9. It is also not in dispute that in the complaint lodged at Udaipur, the allegations were the same as in the complaint at Hisar and additionally it was stated in the complaint at Udaipur that the complainant had earlier lodged a complaint at Hisar. Thus, the investigating agency at Udaipur was well aware of the complaint on similar allegations being lodged at Hisar. The High Court again fell in error in observing that the Rajasthan Police was not aware about the earlier proceedings initiated at Hisar. The High Court and the Rajasthan Police were expected to at least read the complaint carefully.
10. Thus, on both the counts, we find that the High Court fell in error in dismissing the petition of the appellant.

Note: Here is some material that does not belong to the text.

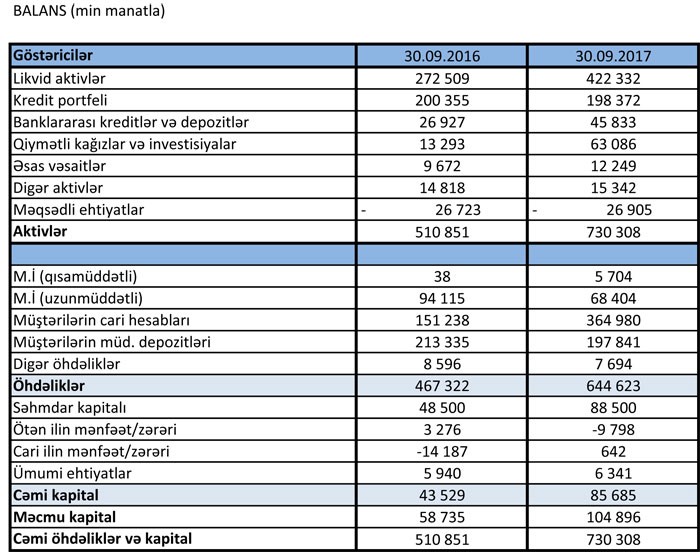 Bank 9 ayı 642 min manatlıq mənfəətlə başa vurub.
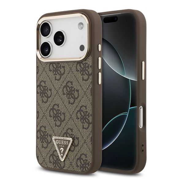 Guess Classic Triangle Logo Leather Backcover met MagSafe voor de Apple iPhone 17 Pro - Bruin

11. In the facts and circumstances as recorded above, we are of the view that respondent Nos. 2 and 3 had been misusing their official position by lodging complaints one after the other. Further, their conduct of neither appearing before the Trial Court at Hisar nor withdrawing their complaint at Hisar, would show that their only intention was to harass the appellant by first making him face a trial at Hisar and then again at Udaipur. It would also be relevant to note that the appellant had been arrested and thereafter granted bail. And now before this Court, the respondent Nos. 2 and 3 have been vehemently opposing the quashing of the FIR at Udaipur. We may also note that in the complaint made at Hisar, there are allegations to the effect that when respondent No.2 visited the appellant at Hisar, he had made a demand of Rs. 50,00,000/- and also an Innova Car. Thus, the argument that no offence was committed in Hisar but only at Udaipur was also not correct. We thus deprecate this practice of state machinery being misused for ulterior motives and for causing harassment to the other side, we are thus inclined to impose cost on the respondent No.2 in order to compensate the appellant.